JEL Classification: C13 , C16 , C46 , C51.
1 Introduction
In many disciplines, there is often a need to adapt a statistical model to existing data to be able to make statements regarding uncertain future outcomes. In particular, when assessing risks, an estimate of major losses must be based on events that, despite having a low probability of occurrence, have a high impact. Since the actual distribution of data – the parent distribution – is generally unknown, statisticians begin their modeling with a guess regarding the underlying statistical model. In a first step, they try to fit one or more parametric distribution functions as a model to the data to evaluate the rare events in the next step. These models generally do not perfectly reflect the data. However, specific statistical tests can be applied to assess how well or how poorly a model fits the data as a whole. Nevertheless, especially in the case of rare events and high damage, small uncertainties in the assumption of a model lead to a faulty description of these extremes and will call into question the value of the information obtained by this approach. Therefore, any uncertainties regarding the underlying model and the resulting misjudgments must be assumed to negatively affect the quality of the models for rare events. In particular, model uncertainties pose problems in the finance and insurance industries, especially when rare events need to be evaluated, for example, by calculating high quantiles.
To make more precise statements regarding rare events and their severity, statisticians can describe the tail of the parent distribution function using a separate model and calculate the corresponding quantiles more precisely to improve the quality of the results. In the case of financial institutions, the respective regulatory frameworks provide statisticians and risk managers with the confidence levels of the parent distribution quantiles (Basel Commitee,, 2004; Directive,, 2009, 2013; Regulation,, 2013). Depending on the purpose, the confidence level is frequently given as 99.9%; however, the available data often do not cover this area at all. The calculation of the capital that is regulatorily required to take a risk is based on the value-at-risk (VaR) or conditional value-at-risk (CVaR), which are calculated from high quantiles. In addition to these regulatory risk measures, additional measures exist for internal management decisions, such as the return on risk-adjusted capital (RORAC) and the risk-adjusted return on capital (RAROC), which are also calculated from high quantiles of the parent distribution and are important for the risk assessment of a company. Given this framework, standalone modeling of the tails of the underlying distribution is suggested for a more accurate calculation of the risk values.

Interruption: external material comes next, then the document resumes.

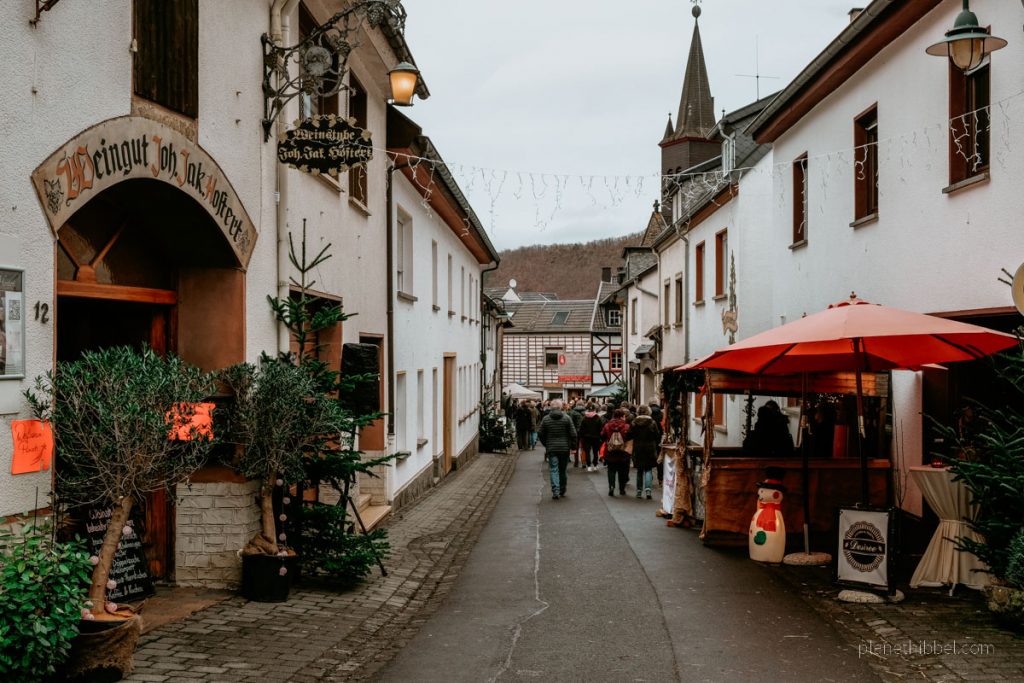 Auf dem Marktplatz findet ein gemütlicher Weihnachtsmarkt statt, wo Winzer ihren typischen Ahrtal-Glühwein ausschenken und Kunsthandwerker winterliche Kleinigkeiten anbieten. Wir fühlten uns glatt in eine weihnachtliche Schneekugel gebeamt.

For a very large class of parent distribution functions, the generalized Pareto distribution (GPD) can be used as a model for the tail, cf., e.g., Embrechts et al., (2003) and the large number of references on this topic contained therein. This class of distributions includes all common parent distributions that play a role in the financial sector such that almost no uncertainty exists regarding the model selection for the tail of the unknown parent distribution. The required quantiles can then be determined to high confidence levels with a sufficient certainty.
In practice, when modeling risks, further constraints need to be considered (e.g., a small database). Moreover, the question arises: which accuracy can be achieved at all in the risk assessment? Specifically, if in the ideal case only the statistical errors remain, what accuracy can be expected within the risk assessment? This question, which is central to financial companies and audit authorities, will be addressed in this study.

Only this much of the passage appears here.